Monday, 5 August 2013

‘Vine Leaves’

Vineleaves“Friends,” said Anna rising to toast her guests, “on nights like this, Shakespearian lovers mused on ancient Troy, sighing how the wind kissed the trees but they made no sound”.

“Meanwhile”, said her partner  Dennis, “less than seven hundred miles from where we’re dining now in deepest rural Greece, citizens of biblical Israel yearned to sit under their own vines and fig trees – symbolic of an harmonious well-being never wholly realised”.

“Perhaps so”, said Mona,  a rabbi  from New York. “Study of the Hebrew bible shows time and again how lasting peace has been achieved only by totally annihilating the opposition!

“But”, she laughed, “a Saturday evening’s secular entertainment like this, in a vine trellised arbour like yours,  would be possible only after the Sabbath concluded. By then, the devout  would have  detected three stars in the darkened sky and blessed the new week with candlelight and sweet spice in a ritual shielding the holiness of the day of rest from the mundanities of the working week.

“I first visited the area as a student during the early 1960s with a non-Jewish friend who is now a respected  Christian theologian.

She was wholly captivated from the first by many local customs, some of which reminded her of what she often saw when in my company. I ponder still, as modern Judaism developed, if it adopted universally popular Mediterranean habits and hallowed them by dogged daily use”.

“I’ve lived here for much of my adult life,” said Joe, a travel writer. “But my knowledge of local religious practice is still superficial.

“Instead, I’m eternally spellbound by these islands’ capacity for physical enchantment and will always treasure  their aura of ecstatic sensuality.
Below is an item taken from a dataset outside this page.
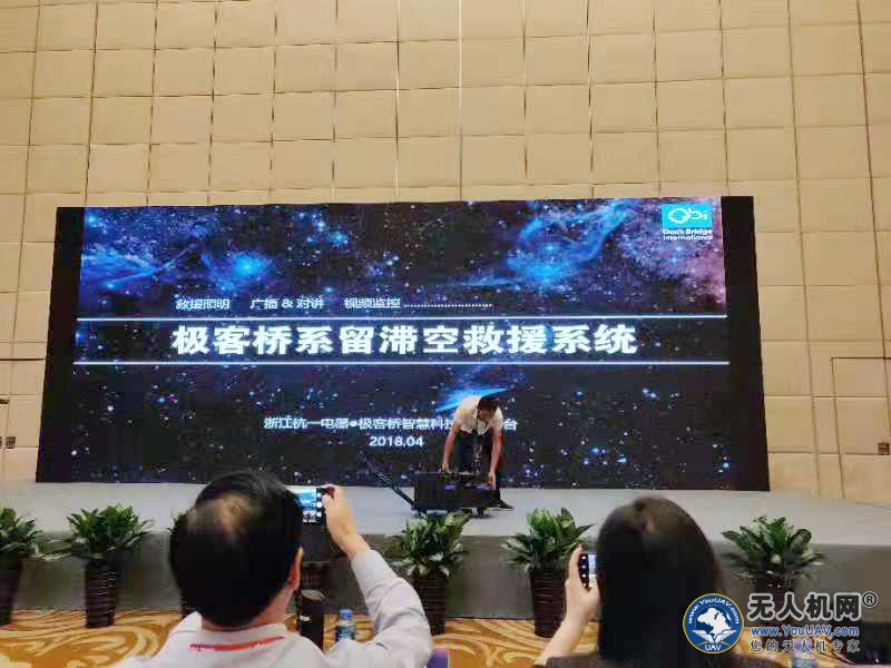 在11月4日的第二届珠海无人系统大会上云集了海内外的无人系统内的优秀企业创始人与领导者们,共同探讨无人机、无人船、无人车等在应急抢险、警用安全、物流运输等各个行业领域里的应用。浙江极客桥智能装备股份有限公司(以下简称:极客桥)董事长胡克飞作为此次无人机行业里快速应急抢险应用的演讲嘉宾之一,在现场分享小型便携式系留无人机的功能及应用。

No wonder tiny villages like Kalami in Corfu continue to attract romantic artists  and their adoring fans.

“I’m now aged 72 and still get a kick from witnessing the quite brazen procreation all around us! Everything - everyone – simply  pulsates with life and the potential of life. So unless it’s proven otherwise, I’ll die convinced these islands were the true and first  Eden”.
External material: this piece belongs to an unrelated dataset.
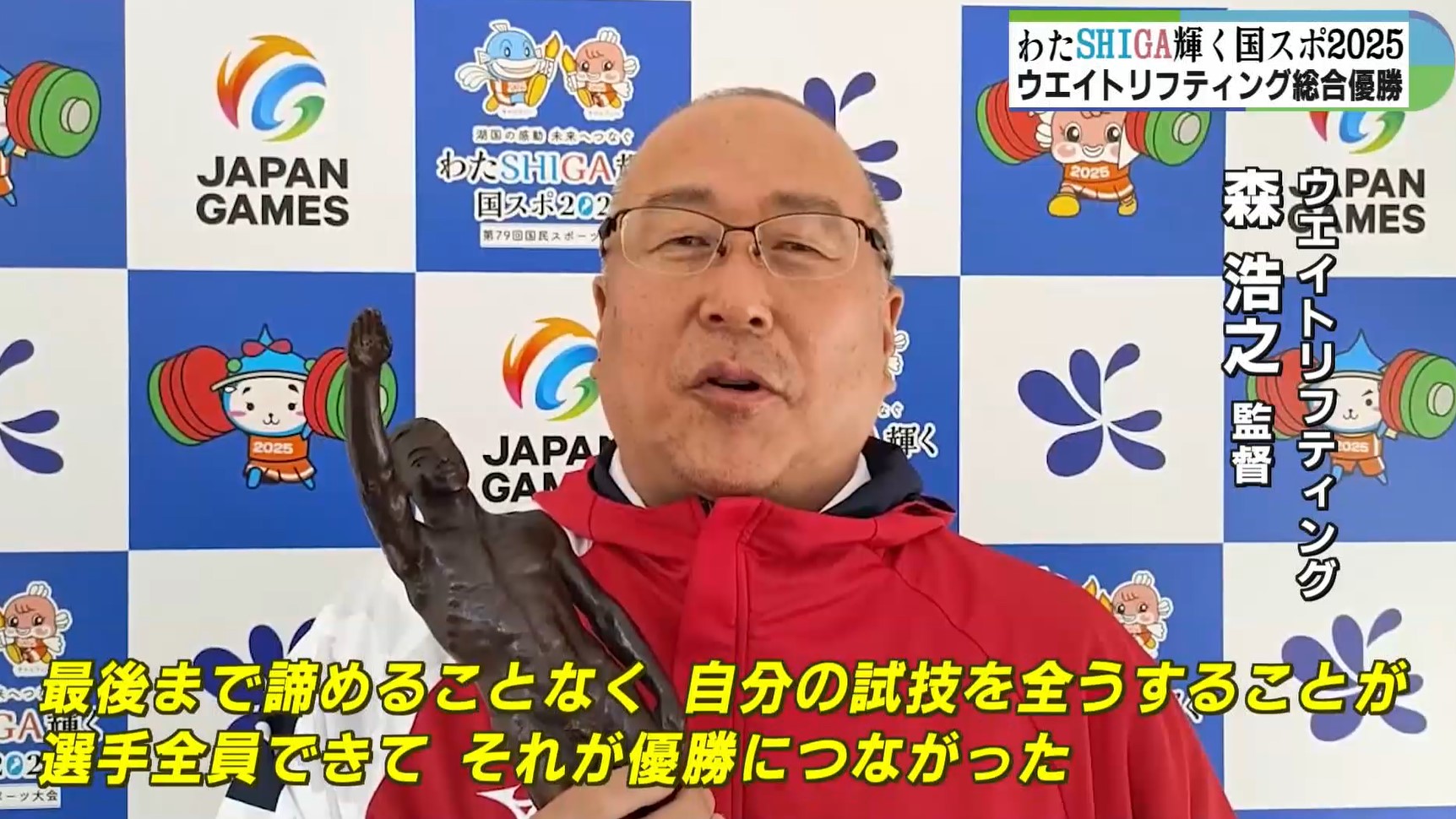 ウエイトリフティングの森浩之監督は「最後まで諦めることなく自分の試技を全うすることが選手全員できて、それが優勝につながった」と話しています。

“But what of our younger guests, Aron and Emily? You’ve both been very quiet,” said Anna, now serving traditional desserts with thick, bitter coffee and Ouzo.
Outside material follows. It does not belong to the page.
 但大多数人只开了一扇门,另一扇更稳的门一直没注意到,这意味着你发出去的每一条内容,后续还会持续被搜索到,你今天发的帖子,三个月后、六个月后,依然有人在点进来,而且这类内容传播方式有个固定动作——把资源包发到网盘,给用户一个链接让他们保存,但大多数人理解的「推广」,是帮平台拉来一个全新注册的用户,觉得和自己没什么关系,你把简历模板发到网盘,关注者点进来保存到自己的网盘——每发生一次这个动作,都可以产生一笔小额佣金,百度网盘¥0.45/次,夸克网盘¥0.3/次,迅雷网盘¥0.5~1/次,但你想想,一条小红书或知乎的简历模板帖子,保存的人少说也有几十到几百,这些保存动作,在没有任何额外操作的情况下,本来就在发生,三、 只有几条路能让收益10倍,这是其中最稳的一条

“Er, apologies for not joining the conversation,” said Aron. “Our bedroom window looks over a pond filled with frogs which woo lustily all night long. They’ve -  well, we’ve not  – had much sleep!”.

Vineleaves.Terrace“Thanks for the wonderful food, Anna,” said Emily. “I’ve tried all the dishes here and if you don’t mind, I’d love to have the recipe for stuffed vine leaves.

“I’ll be using vines as a theme in a piece for a creative writing course I’m beginning in October and have heard that a ‘vignette’ is not only a decoration in  a book or  a ‘snapshot in words’. Apparently,  the term  began as ‘something that may be written on a vine leaf’. It’s supposed to focus on one element of a story, mood, character, setting, object, or perhaps in good hands, a rare blend of them all”.

“I know exactly what Joe meant earlier, said Anna’s mother, Carmel,  who’d just come home.

“On nights like this”, she said drawing up a chair, “when the weather  was almost too hot to bear,  my late husband, David  and I used the same room where Emily and Aron are - not sleeping this week!

“It’s secluded, so we’d drag the mattress onto the balcony where we’d make a love as dense as the overhanging vines, trembling like two tender  leaves in a freak summer storm. We never spoke, it was as though the mood would shrivel – blow away – from a gust of mere speech.

“Later,” she concluded, her large grey eyes laden with  regret,  “as we cuddled in devoted silence, David would fall asleep, his head resting against my bosom. So I’d lie still as a rock for hours, loath to have him stir. The next year Anna was born”.